**Exercise input**
+++++

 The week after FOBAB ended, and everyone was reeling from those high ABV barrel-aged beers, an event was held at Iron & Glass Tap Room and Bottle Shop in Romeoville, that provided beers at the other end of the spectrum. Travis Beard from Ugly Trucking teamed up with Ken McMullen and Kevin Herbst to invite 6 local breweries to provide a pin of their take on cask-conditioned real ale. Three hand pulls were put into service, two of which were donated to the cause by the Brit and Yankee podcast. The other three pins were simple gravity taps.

+++++

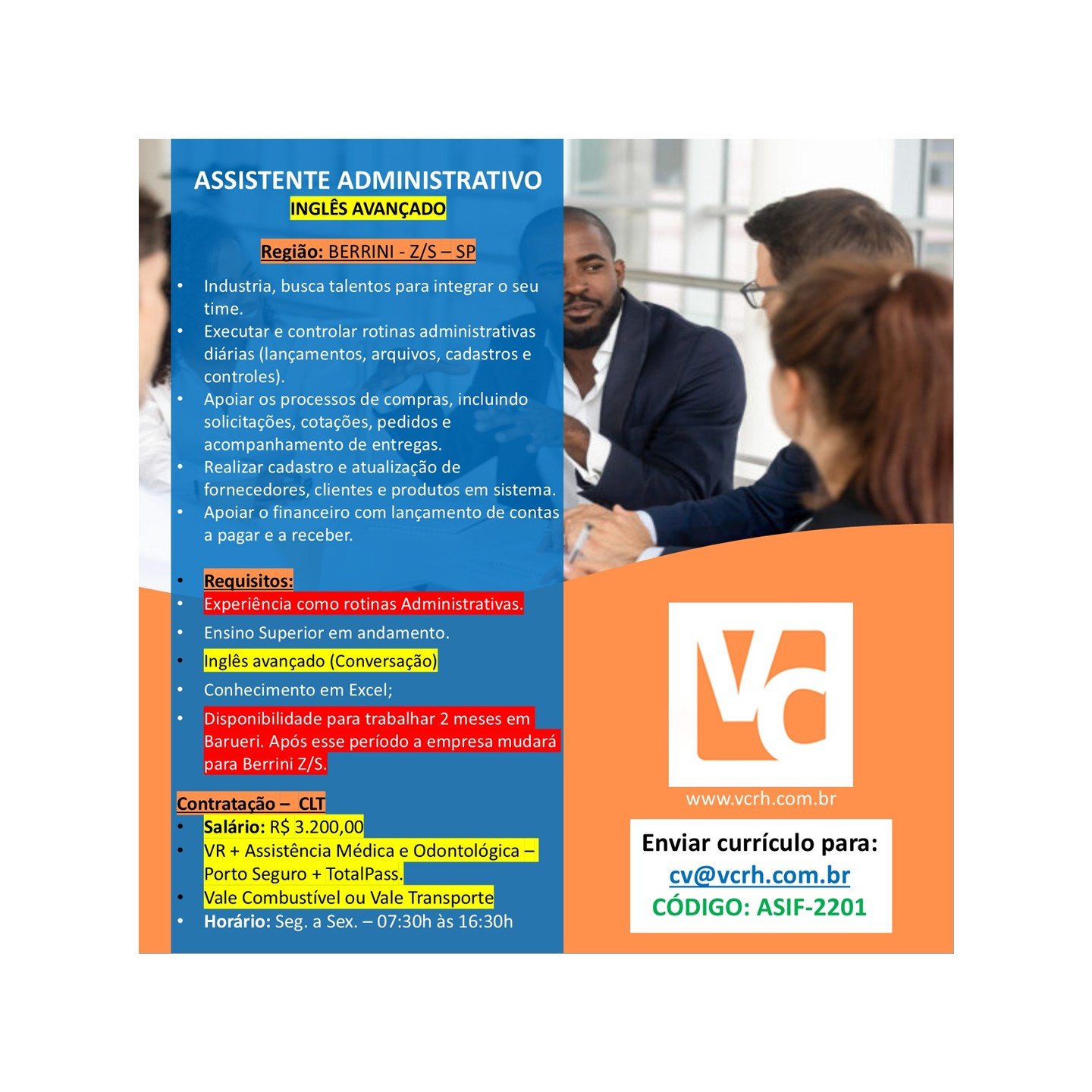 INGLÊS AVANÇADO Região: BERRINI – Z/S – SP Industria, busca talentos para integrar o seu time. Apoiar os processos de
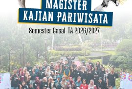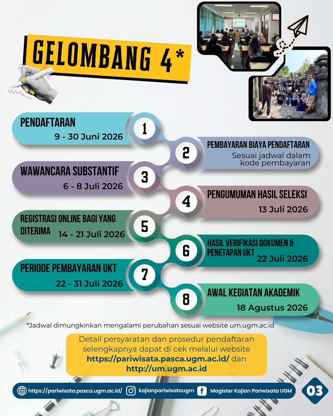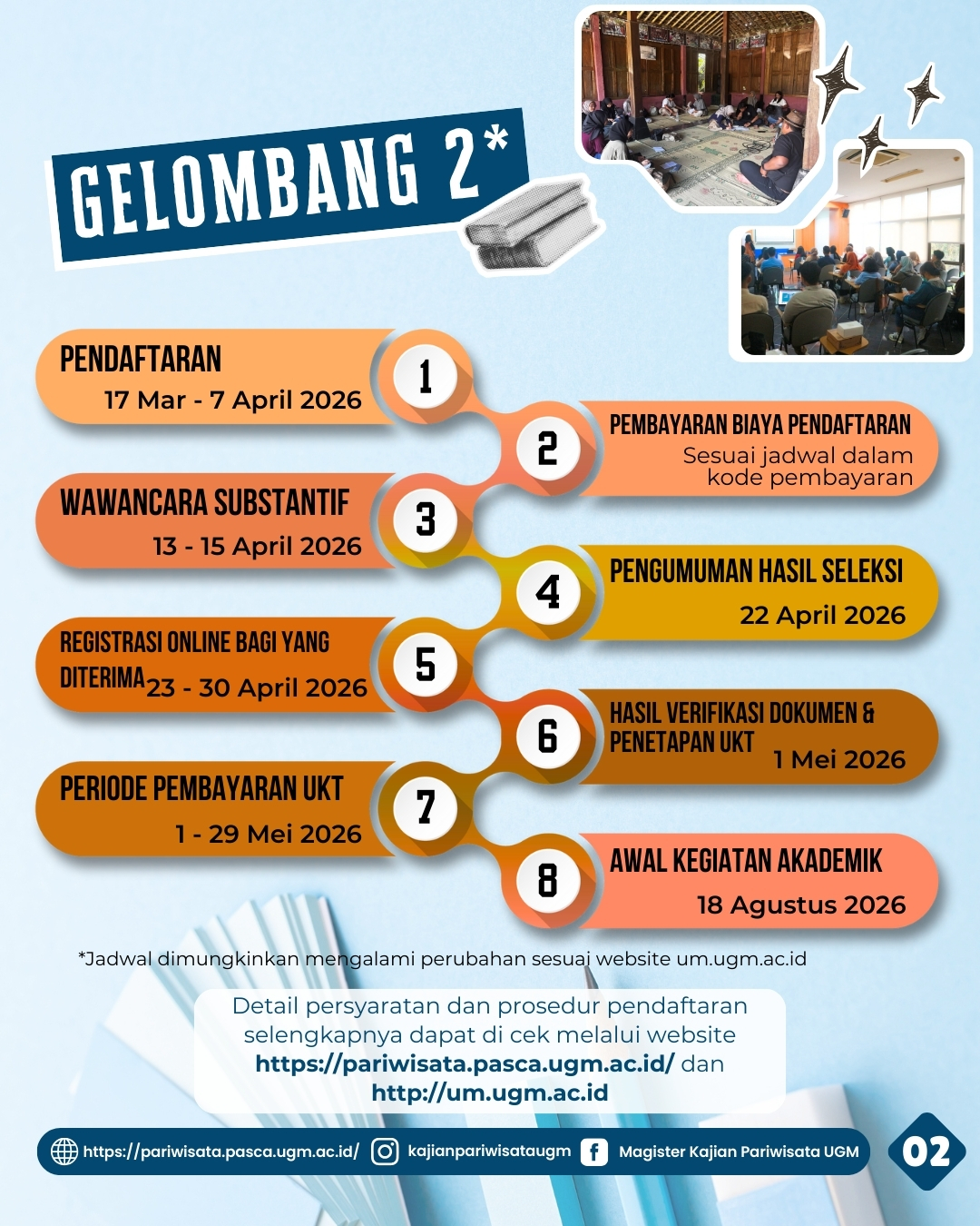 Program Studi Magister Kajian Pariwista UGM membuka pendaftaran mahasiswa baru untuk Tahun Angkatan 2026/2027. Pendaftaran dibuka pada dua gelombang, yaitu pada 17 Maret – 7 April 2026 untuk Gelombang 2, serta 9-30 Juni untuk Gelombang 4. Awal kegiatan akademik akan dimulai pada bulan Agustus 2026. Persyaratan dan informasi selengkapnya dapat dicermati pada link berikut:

+++++

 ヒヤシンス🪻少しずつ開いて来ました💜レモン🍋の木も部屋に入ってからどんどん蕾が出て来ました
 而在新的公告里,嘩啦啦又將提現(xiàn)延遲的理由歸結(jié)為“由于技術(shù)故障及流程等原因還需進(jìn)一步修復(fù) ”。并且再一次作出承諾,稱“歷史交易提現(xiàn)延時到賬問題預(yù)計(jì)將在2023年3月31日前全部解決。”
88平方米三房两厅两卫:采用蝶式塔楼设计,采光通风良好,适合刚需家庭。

+++++

**What is required**
Within the listing above, write out the stretch from the line with "INGLÊS AVANÇADO Região: BERRINI" through the line with "Program Studi Magister" exactly. Any pictures are to be left out.

**Written reply**
 INGLÊS AVANÇADO Região: BERRINI – Z/S – SP Industria, busca talentos para integrar o seu time. Apoiar os processos de
 Program Studi Magister Kajian Pariwista UGM membuka pendaftaran mahasiswa baru untuk Tahun Angkatan 2026/2027. Pendaftaran dibuka pada dua gelombang, yaitu pada 17 Maret – 7 April 2026 untuk Gelombang 2, serta 9-30 Juni untuk Gelombang 4. Awal kegiatan akademik akan dimulai pada bulan Agustus 2026. Persyaratan dan informasi selengkapnya dapat dicermati pada link berikut:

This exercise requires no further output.